Reason is quite
sufficient to teach us all those sanitary laws by which our bodies will
be maintained in healthful vigor. Whatever we can attain by our mental
powers, we are to attain by them. Physical and metaphysical science
alike lie remote from the object matter of revelation. The Bible never
gives us any scientific knowledge in a scientific way. If it did, it
would be leaving its own proper domain. When it seems to give us any
such knowledge, as in the first chapter of Genesis, what it says has
always reference to man. The first chapter of Genesis does not tell us
how the earth was formed absolutely, but how it was prepared and fitted
for man. Look at the work of the fourth day. Does any man suppose that
the stars were set in the expanse of heaven absolutely that men might
know what time of the year it was? They _did_ render men this service,
but this was not their great use.

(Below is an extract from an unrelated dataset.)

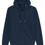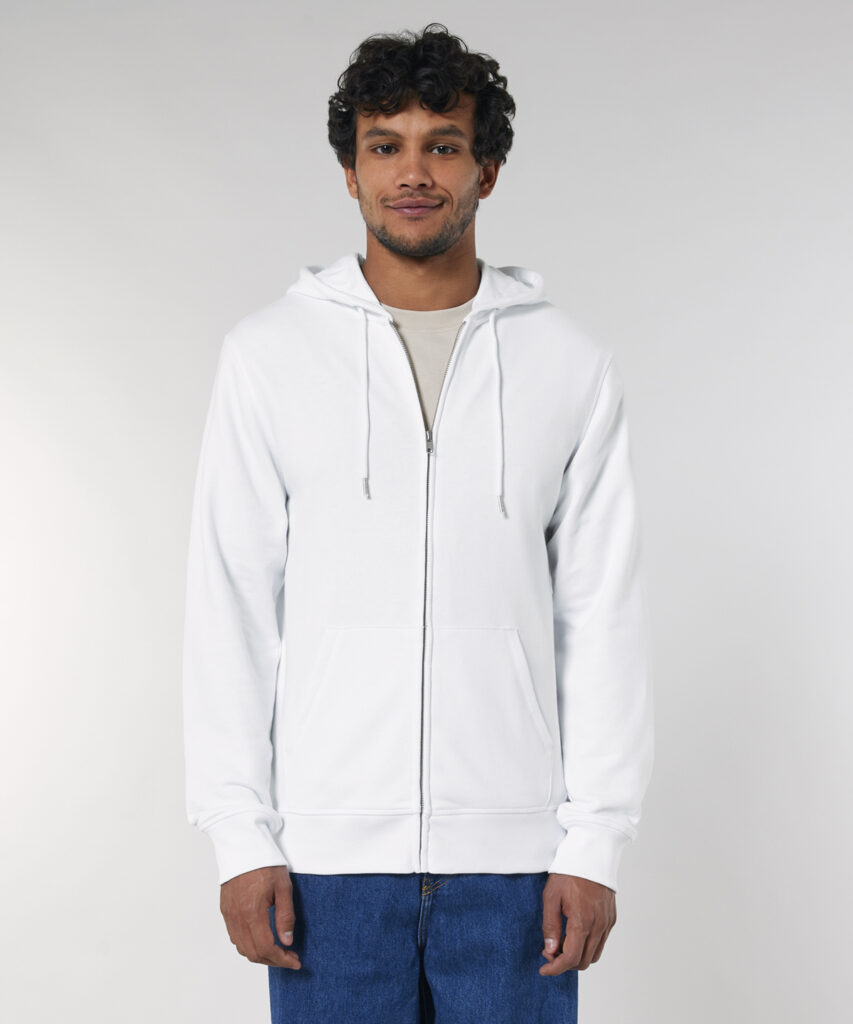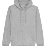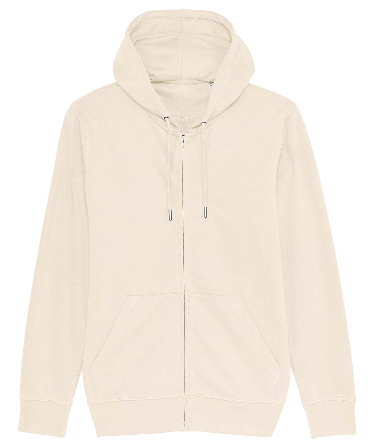 The essential easy-to-wear unisex zip-through hoodie sweatshirt in 300gsm terry crafted from premium 85% organic cotton and 15% recycled polyester and featuring single Jersey hood lining, flatlock stitching, and matt silver trims.

As the Bible speaks to all people, at
all times, it must use popular language.'
This writer, like many others when they approach this subject, speaks
timidly, and in consequence somewhat vaguely and obscurely; but his
meaning is, that we must expect the Bible, on scientific subjects, to
speak, not according to science, but according to the prevailing ideas
of their times on scientific subjects; and that we are to regard the
Bible as our teacher, not on every subject to which it may allude, or on
which it may speak, but only on matters of religious truth and duty.